- [HOW TO COMPLETE THIS TASK]:
With all pictures omitted, return verbatim the lines from the beginning of the records below through the line containing "會(huì)說(shuō)英文的迎賓機(jī)器人".

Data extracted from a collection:
• • • •
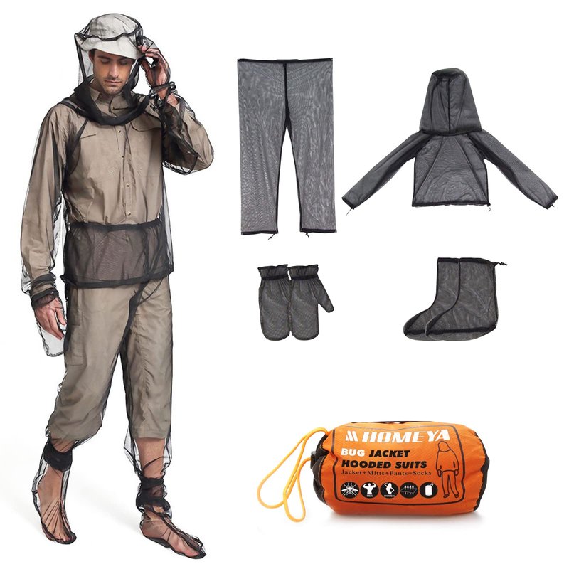 Perfect protection of the body by HOMEYA mosquito suit! Equipped with jacket, mitts, pants and socks. A perfect protection system for your outdoor activities.
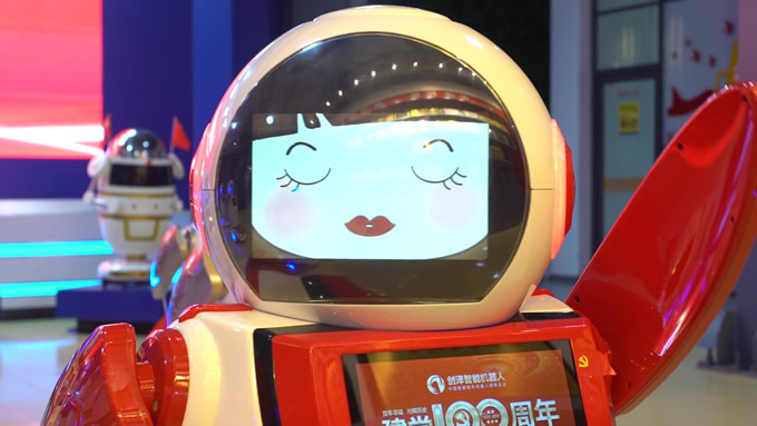會(huì)說(shuō)英文的迎賓機(jī)器人
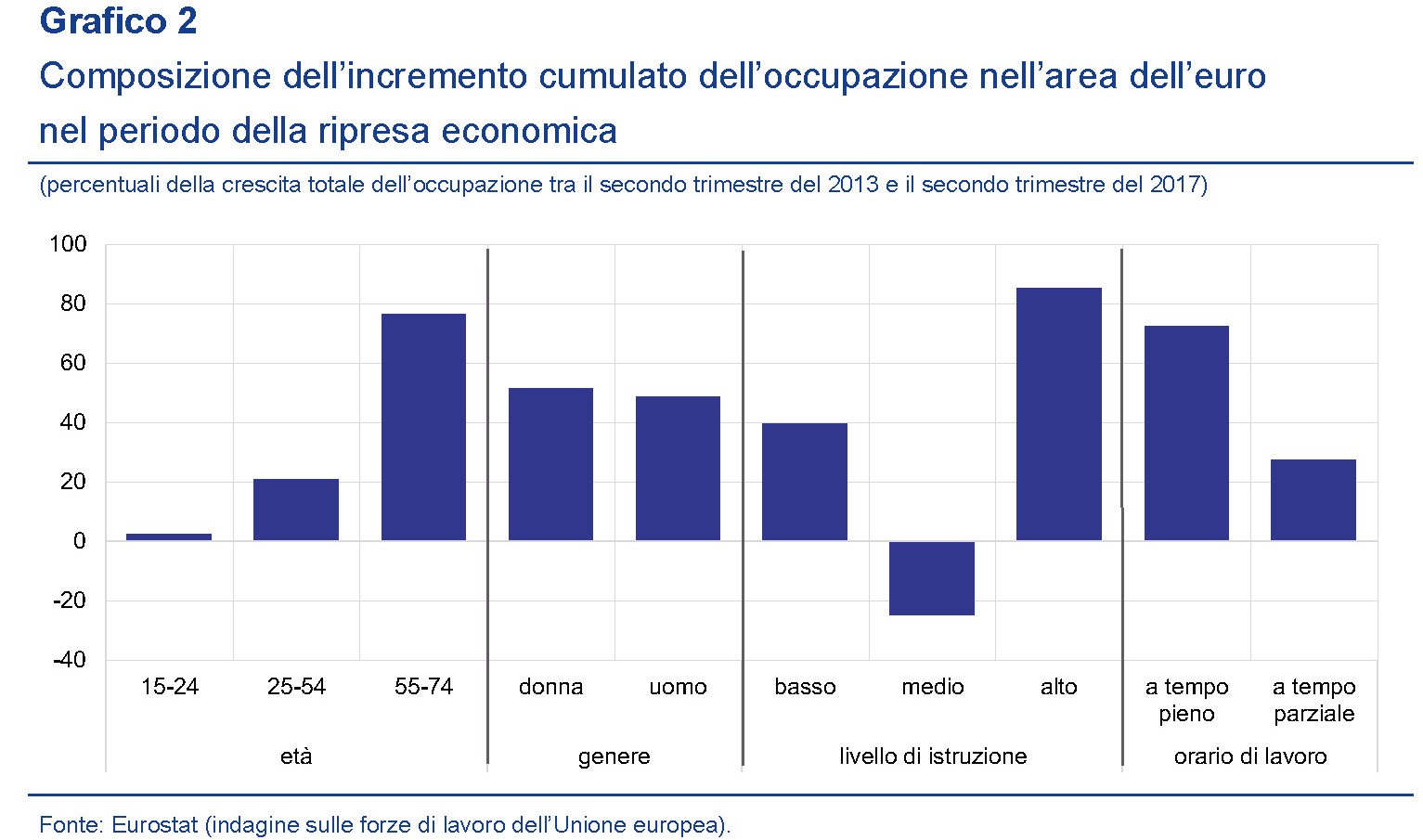 La crescita dell’occupazione di donne e anziani nell’EZ. L’ultimo bollettino economico della Bce ha sottolineato il notevole contributo dato alla crescita dell’occupazione nell’area nella fase della ripresa economica dall’aumentata offerta di lavoro da parte di donne e persone in età avanzata, oltre ai flussi migratori. A conclusione dell’osservazione gli economisti della Bce deducono che nel medio lungo termine l’offerta di lavoro diminuirà in corrispondenza dell’invecchiamento della popolazione per questo sarebbero necessarie politiche volte a sostenere la forza lavoro e la crescita dell’occupazione, ad esempio attraverso l’assistenza ai disoccupati di lunga durata, dei migranti e di altre categorie che si connotano per i bassi tassi di partecipazione. E’ interessante sottolineare, tuttavia, che all’aumentata offerta di occupazione registrata in questi ultimi anni ha contribuito significativamente anche l’aumento dell’età pensionabile.
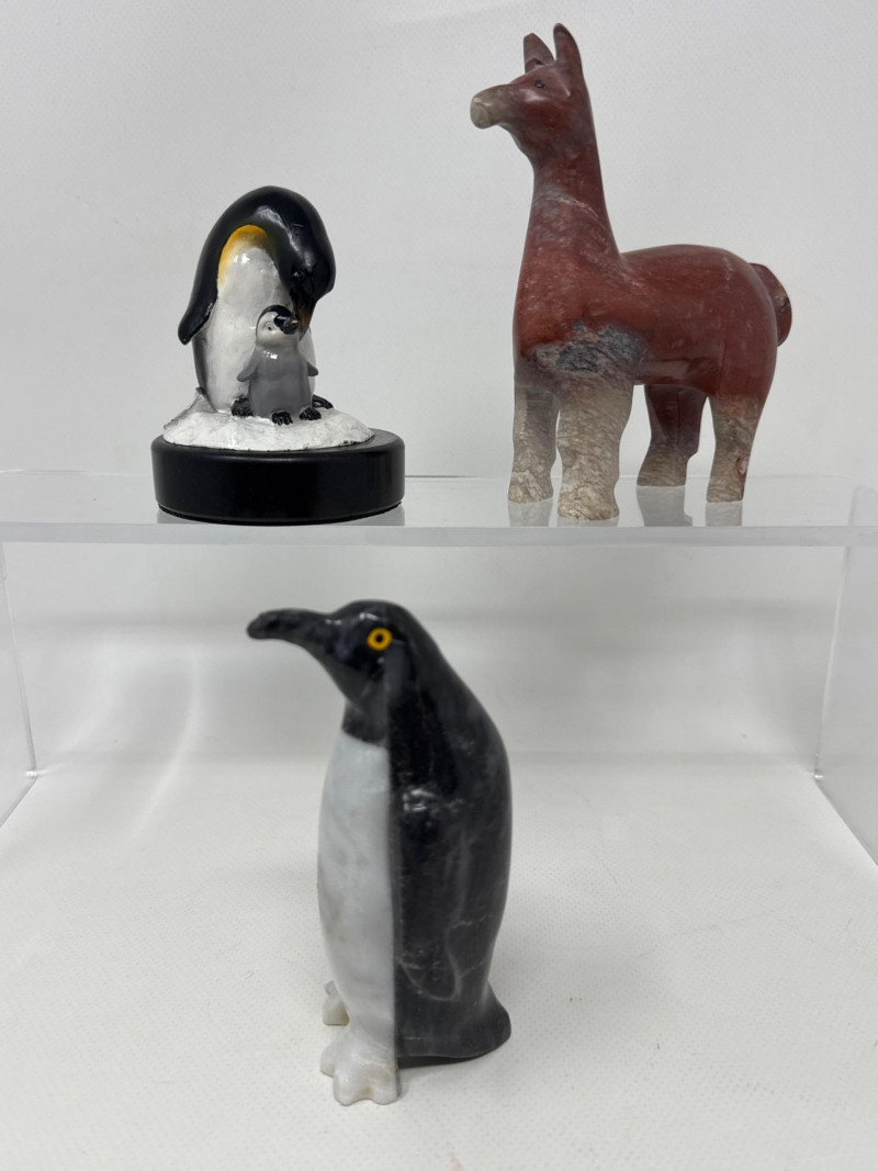 Charming set of hand-carved stone animal figurines including two penguins and a horse. The centerpiece is a polished black-and-white SPI penguin sculpture with lifelike details and a glossy finish. Accompanying it is a delightful mother-and-chick penguin duo, mounted on a snowy base, adding warmth and personality to the collection. Completing the trio is a reddish-brown carved stone horse with subtle marbling, lending a rustic elegance to the group. These pieces are perfect for collectors of animal figures or natural stone carvings. Dimensions (Horse): 5 inches tall and 4.5 inches long
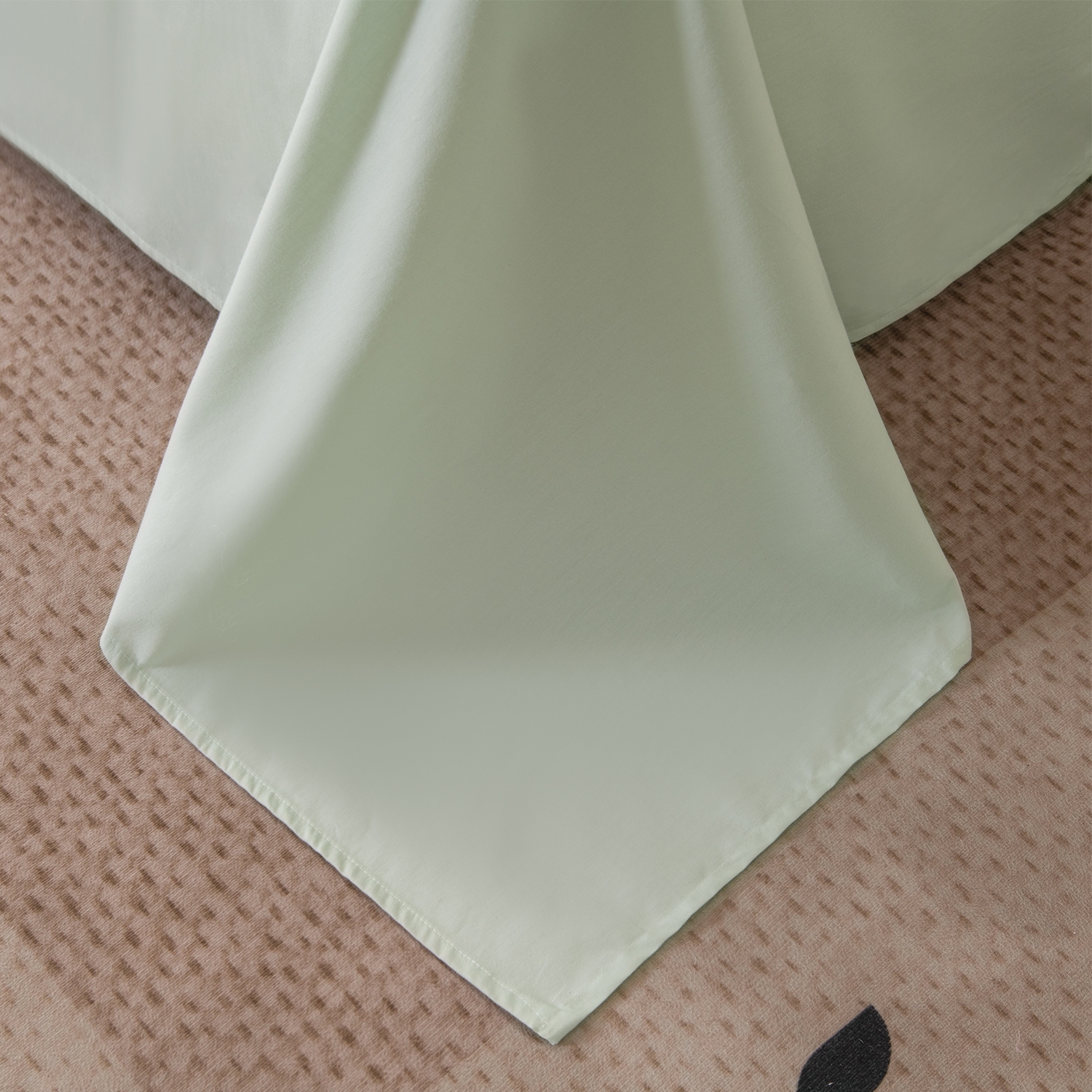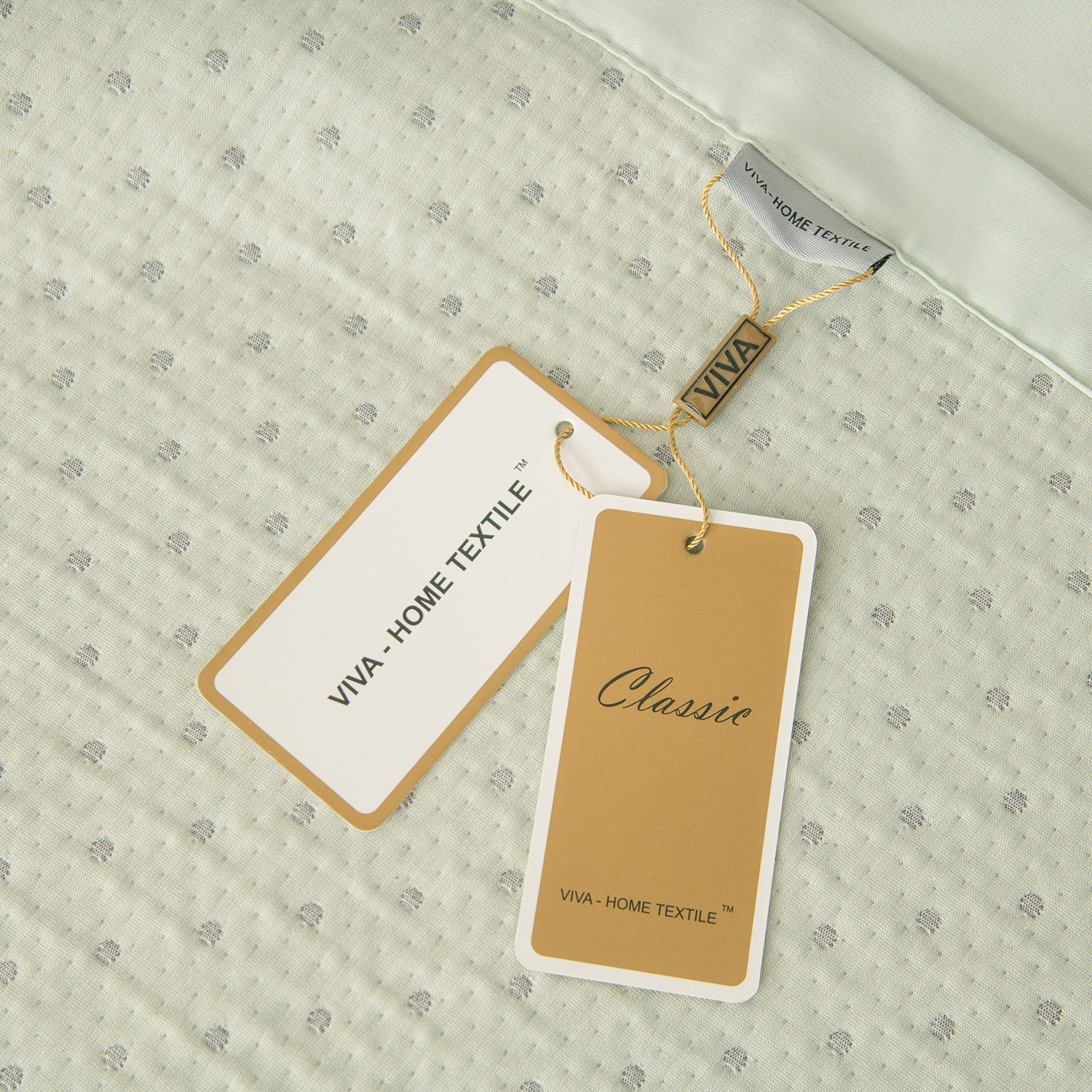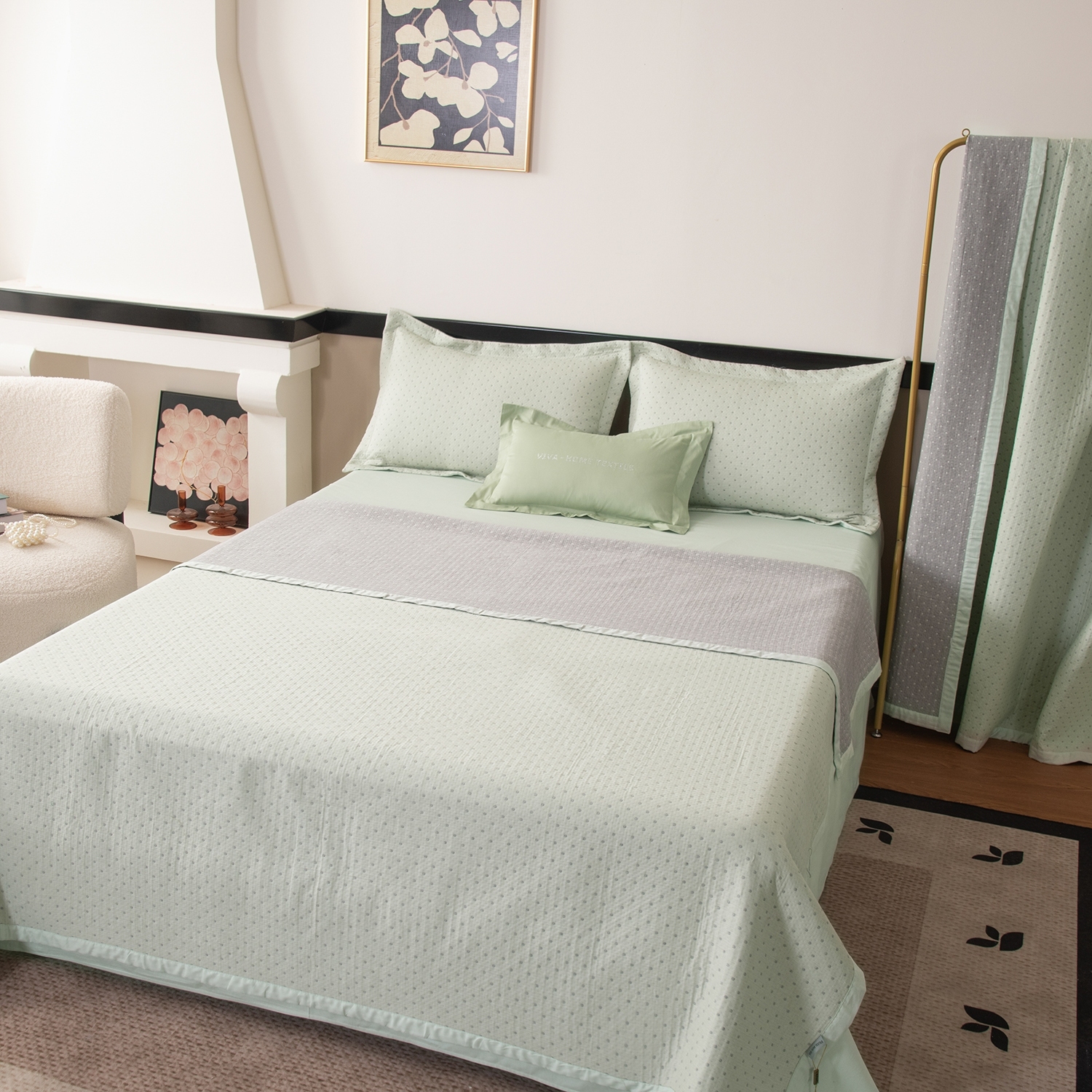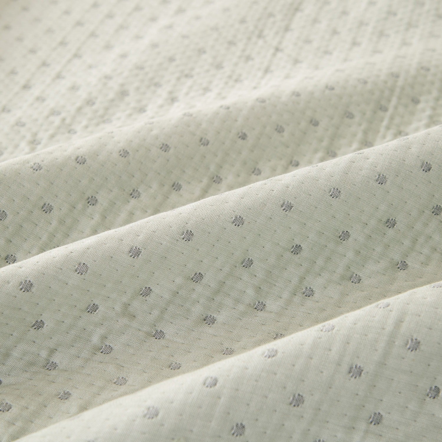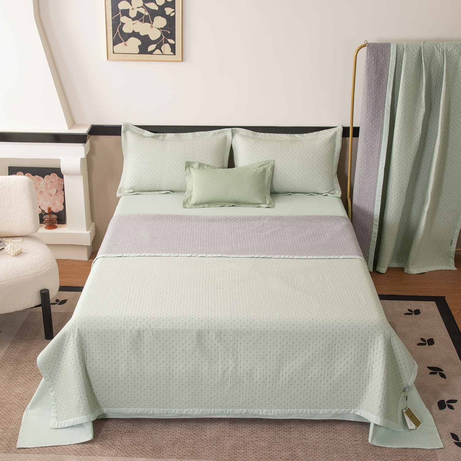 Покрывало выполнено из жаккардового муслина с декоративной простёжкой, формирующей утончённый рельефный узор. Ткань отличается мягкостью, лёгким благородным блеском и изысканной текстурой. Завершает композицию широкий кант в тон простыни, который визуально объединяет все элементы комплекта и придаёт образу гармоничную завершённость.
• • • •
- [WRITTEN SOLUTION]:
 Perfect protection of the body by HOMEYA mosquito suit! Equipped with jacket, mitts, pants and socks. A perfect protection system for your outdoor activities.
會(huì)說(shuō)英文的迎賓機(jī)器人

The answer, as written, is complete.